### Material provided
* * *

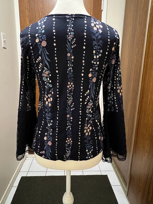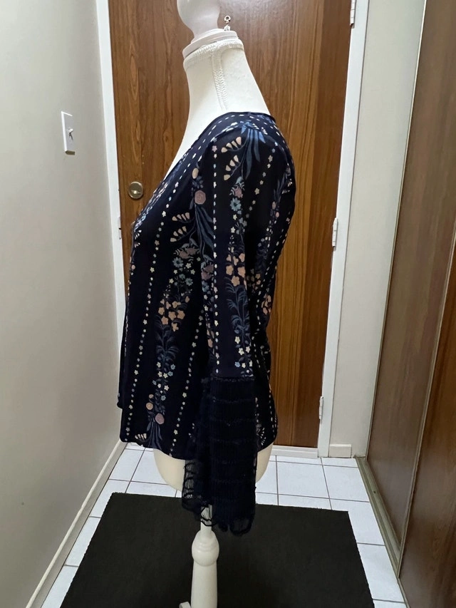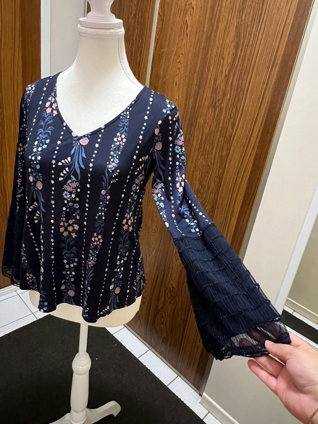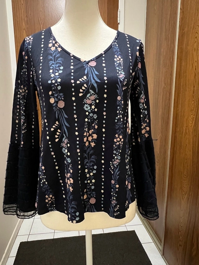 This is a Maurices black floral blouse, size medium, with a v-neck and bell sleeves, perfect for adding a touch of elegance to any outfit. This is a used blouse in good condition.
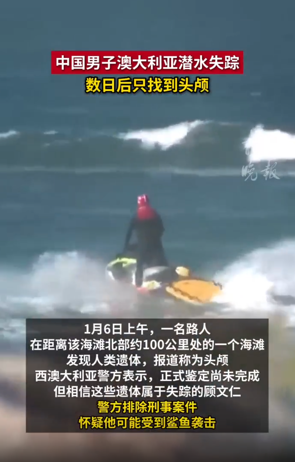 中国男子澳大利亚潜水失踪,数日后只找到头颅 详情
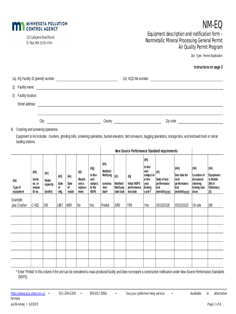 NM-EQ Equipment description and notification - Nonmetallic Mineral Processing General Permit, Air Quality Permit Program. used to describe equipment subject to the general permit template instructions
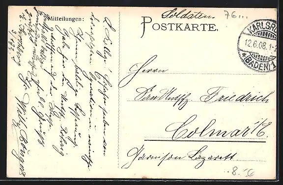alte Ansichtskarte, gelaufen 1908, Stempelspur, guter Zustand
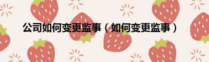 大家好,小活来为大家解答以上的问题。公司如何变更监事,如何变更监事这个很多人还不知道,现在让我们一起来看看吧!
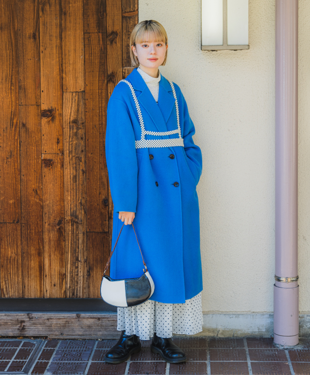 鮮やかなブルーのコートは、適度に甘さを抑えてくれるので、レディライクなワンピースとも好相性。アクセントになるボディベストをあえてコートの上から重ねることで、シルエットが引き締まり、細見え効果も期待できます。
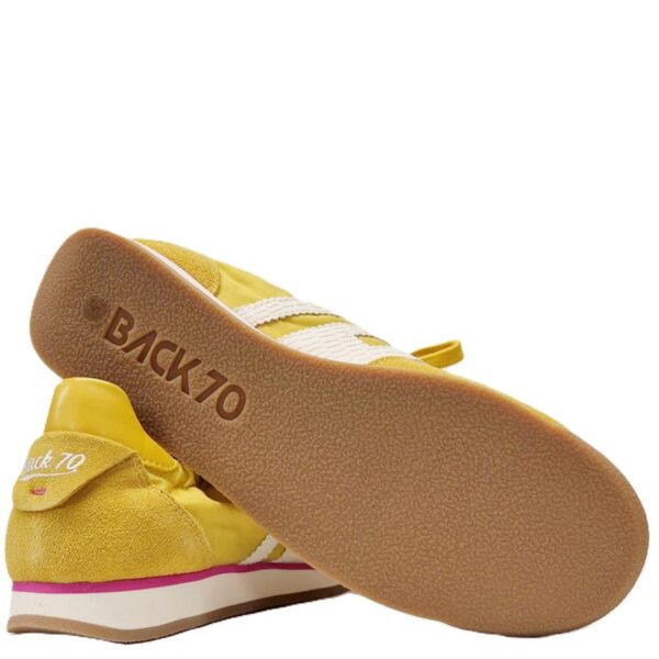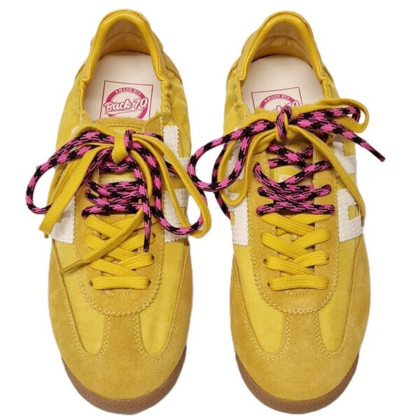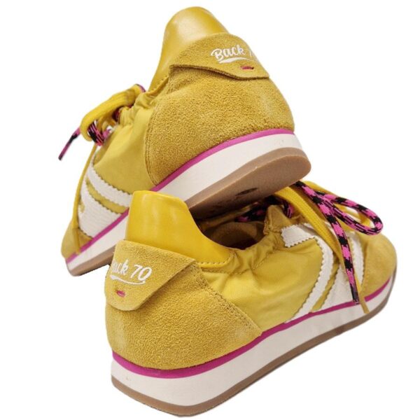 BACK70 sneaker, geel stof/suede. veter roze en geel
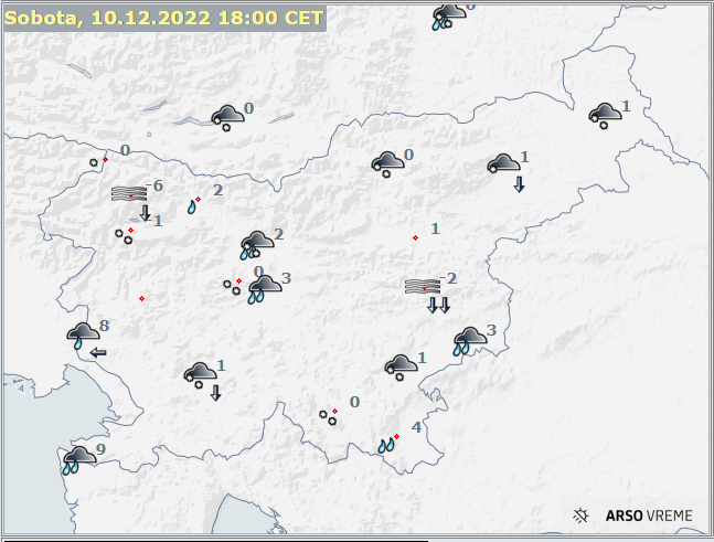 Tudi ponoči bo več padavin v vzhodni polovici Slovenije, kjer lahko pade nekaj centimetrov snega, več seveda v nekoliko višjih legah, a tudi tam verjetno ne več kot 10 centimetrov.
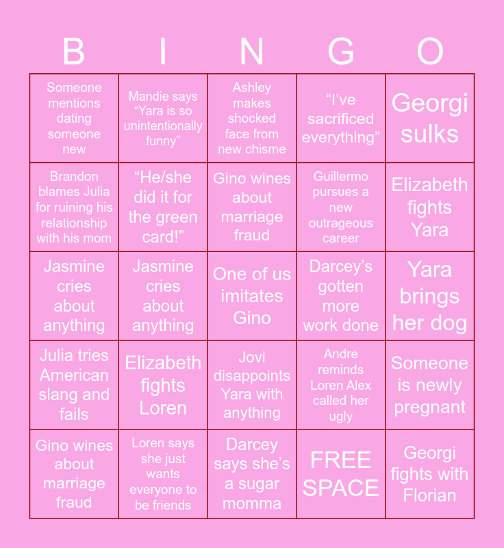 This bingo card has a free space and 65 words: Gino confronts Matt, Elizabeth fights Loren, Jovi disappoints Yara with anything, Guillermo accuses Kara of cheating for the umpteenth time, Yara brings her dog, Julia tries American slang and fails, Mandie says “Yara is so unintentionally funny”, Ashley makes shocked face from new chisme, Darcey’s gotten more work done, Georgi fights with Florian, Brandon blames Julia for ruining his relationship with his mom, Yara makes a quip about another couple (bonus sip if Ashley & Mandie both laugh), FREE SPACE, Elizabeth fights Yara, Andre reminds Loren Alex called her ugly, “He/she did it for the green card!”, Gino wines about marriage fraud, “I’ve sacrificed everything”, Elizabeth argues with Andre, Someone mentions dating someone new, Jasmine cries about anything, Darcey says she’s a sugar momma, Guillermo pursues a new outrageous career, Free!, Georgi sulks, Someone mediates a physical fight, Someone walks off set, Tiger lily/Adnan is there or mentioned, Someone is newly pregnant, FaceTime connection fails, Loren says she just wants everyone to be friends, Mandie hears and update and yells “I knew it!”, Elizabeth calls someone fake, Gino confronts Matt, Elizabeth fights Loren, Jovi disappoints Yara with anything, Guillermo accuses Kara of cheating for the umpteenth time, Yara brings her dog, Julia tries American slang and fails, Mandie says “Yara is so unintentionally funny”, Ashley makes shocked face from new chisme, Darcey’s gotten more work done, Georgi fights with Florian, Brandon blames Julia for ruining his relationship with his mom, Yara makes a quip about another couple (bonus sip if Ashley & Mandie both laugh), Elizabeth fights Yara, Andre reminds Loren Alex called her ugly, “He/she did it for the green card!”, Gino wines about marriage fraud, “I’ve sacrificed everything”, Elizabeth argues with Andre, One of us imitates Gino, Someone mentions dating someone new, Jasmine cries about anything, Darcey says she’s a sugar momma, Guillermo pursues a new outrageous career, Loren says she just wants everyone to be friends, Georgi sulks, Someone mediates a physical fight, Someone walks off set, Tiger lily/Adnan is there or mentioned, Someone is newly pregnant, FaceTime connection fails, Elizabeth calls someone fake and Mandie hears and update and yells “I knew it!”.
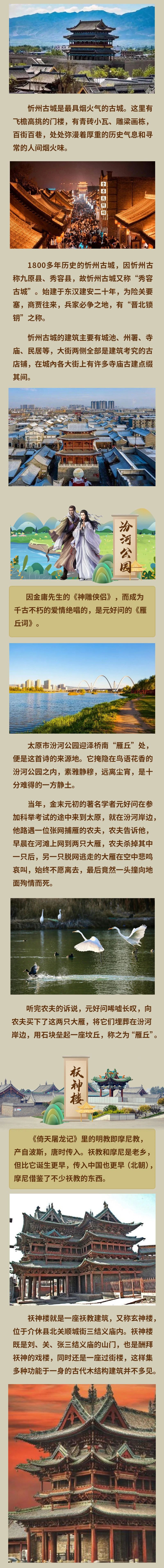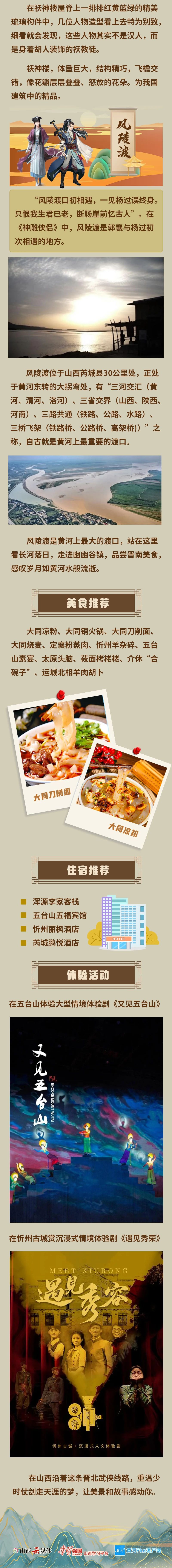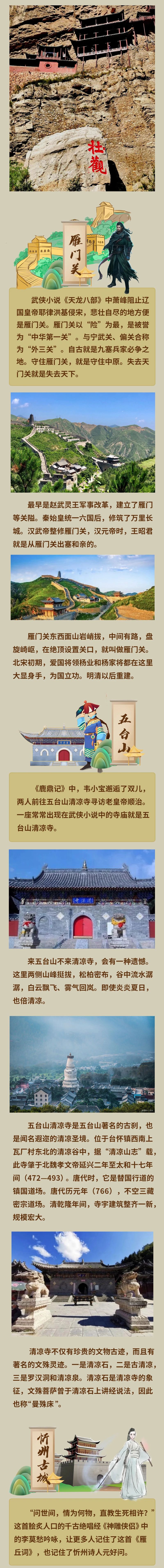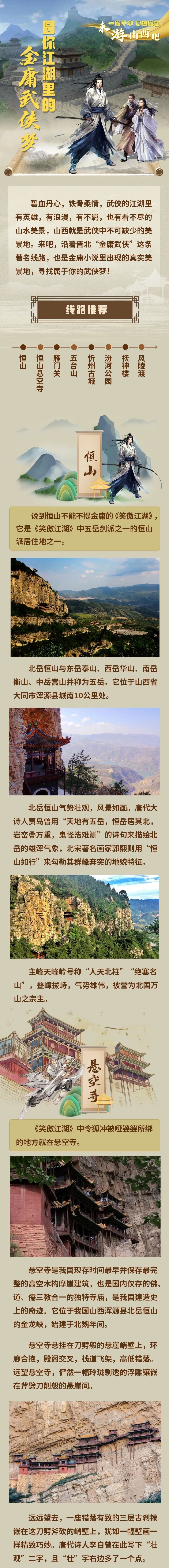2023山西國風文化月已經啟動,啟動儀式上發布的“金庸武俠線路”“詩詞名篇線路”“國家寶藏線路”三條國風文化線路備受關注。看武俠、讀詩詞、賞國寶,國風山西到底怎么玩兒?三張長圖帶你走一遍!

* * *

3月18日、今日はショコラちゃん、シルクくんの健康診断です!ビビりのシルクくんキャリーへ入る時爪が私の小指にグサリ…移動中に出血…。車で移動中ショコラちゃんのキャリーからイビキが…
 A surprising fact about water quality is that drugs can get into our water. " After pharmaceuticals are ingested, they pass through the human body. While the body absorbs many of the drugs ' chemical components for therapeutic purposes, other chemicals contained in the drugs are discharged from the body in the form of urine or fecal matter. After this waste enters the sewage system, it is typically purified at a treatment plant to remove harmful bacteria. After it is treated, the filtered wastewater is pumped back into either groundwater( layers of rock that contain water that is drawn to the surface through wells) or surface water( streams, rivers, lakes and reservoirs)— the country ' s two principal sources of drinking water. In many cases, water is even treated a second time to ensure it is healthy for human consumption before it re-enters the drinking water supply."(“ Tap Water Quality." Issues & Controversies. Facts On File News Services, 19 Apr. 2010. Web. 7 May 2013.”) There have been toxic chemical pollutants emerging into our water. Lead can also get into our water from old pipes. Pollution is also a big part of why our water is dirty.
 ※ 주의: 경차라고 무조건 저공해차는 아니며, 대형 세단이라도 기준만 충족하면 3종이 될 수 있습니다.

* * *

### What to produce
Reproduce exactly the lines of the data above that run from the line with "This is a Maurices" down to the line with "Tudi ponoči bo", both ends included. Pictures do not belong in the copy.

### Finished task
 This is a Maurices black floral blouse, size medium, with a v-neck and bell sleeves, perfect for adding a touch of elegance to any outfit. This is a used blouse in good condition.
 中国男子澳大利亚潜水失踪,数日后只找到头颅 详情
 NM-EQ Equipment description and notification - Nonmetallic Mineral Processing General Permit, Air Quality Permit Program. used to describe equipment subject to the general permit template instructions
alte Ansichtskarte, gelaufen 1908, Stempelspur, guter Zustand
 大家好,小活来为大家解答以上的问题。公司如何变更监事,如何变更监事这个很多人还不知道,现在让我们一起来看看吧!
 鮮やかなブルーのコートは、適度に甘さを抑えてくれるので、レディライクなワンピースとも好相性。アクセントになるボディベストをあえてコートの上から重ねることで、シルエットが引き締まり、細見え効果も期待できます。
 BACK70 sneaker, geel stof/suede. veter roze en geel
 Tudi ponoči bo več padavin v vzhodni polovici Slovenije, kjer lahko pade nekaj centimetrov snega, več seveda v nekoliko višjih legah, a tudi tam verjetno ne več kot 10 centimetrov.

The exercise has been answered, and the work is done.